The Potomac Valley Audubon Society (PVAS) is now accepting registrations for its third annual Ruth Ann Dean Birdathon, which will be held the weekend of May 11-12.
The Birdathon is an annual event intended to cap a week of activities commemorating International Migratory Bird Day. It is open to anyone with an interest, regardless of experience or expertise at birding. People can participate as part of a team or as individuals. Either way, the goal is to identify the highest numbers of bird species you can find within PVAS's territory in any 24-consecutive-hour-period during the weekend.
PVAS's territory includes the Jefferson, Berkeley and Morgan counties in West Virginia and Washington County in Maryland.
There is no entry fee, and registration is easy.
To register and to get full information about how the Birdathon works, go to the PVAS website at www.potomacaudubon.org/IMBD.html or contact the event coordinator, Sandy Sagalkin, at email@example.com or 240-291-6465.

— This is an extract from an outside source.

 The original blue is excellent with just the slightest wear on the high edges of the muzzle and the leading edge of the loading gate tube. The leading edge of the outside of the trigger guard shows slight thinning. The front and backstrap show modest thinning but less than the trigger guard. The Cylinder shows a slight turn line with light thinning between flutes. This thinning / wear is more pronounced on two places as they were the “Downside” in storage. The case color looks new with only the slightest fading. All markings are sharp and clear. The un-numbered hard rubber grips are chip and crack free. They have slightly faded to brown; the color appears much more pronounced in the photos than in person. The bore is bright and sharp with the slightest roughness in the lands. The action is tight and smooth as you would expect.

This year, those who participate will be encouraged to seek pledges from neighbors and friends to help raise funds for PVAS's Grassland Birds Initiative (GBI).
The GBI seeks to protect the habitat of birds that make their home in grasslands in our area. These birds are declining at a rapid rate and include Eastern Meadowlarks, Loggerhead Shrikes, Eastern Bluebird and other species.

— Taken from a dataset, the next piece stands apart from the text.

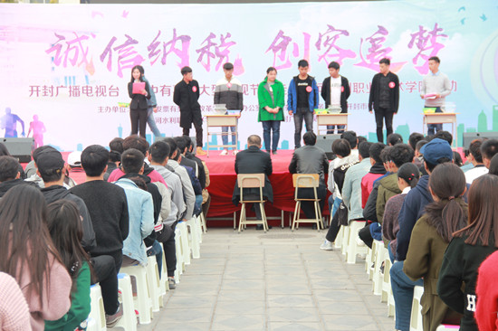 为了培养学生消费依法索取发票,合法、规范使用发票的意识。2017年11月11日下午,由开封市国家税务局、市财政局、市地方税务局共同主办,黄河水利职业技术学院校团委、开封广播电视台协办的“票中有喜”大型电视节目在我校扬帆路举行,近600名师生参与其中。

The GBI seeks to work cooperatively with landowners to encourage land management practices that lead to enhanced opportunities for successful nesting. For further information about the GBI, see www.potomacaudubon.org/GBI.
A trophy will be given to the team with the highest number of species identified and other prizes will be awarded to participants for raising money for the GBI. To be eligible for awards or prizes, teams must raise a minimum of $75 for the GBI.
The Birdathon is named in honor of Ruth Ann Dean, who was a founding member and ardent supporter of PVAS, a Board member in the early years, and an avid birder.
Last year's winning Birdathon team was the "White-eyed Weary-o's", who identified 117 different bird species in a 24-hour period. Overall, 149 different species were identified by all participants.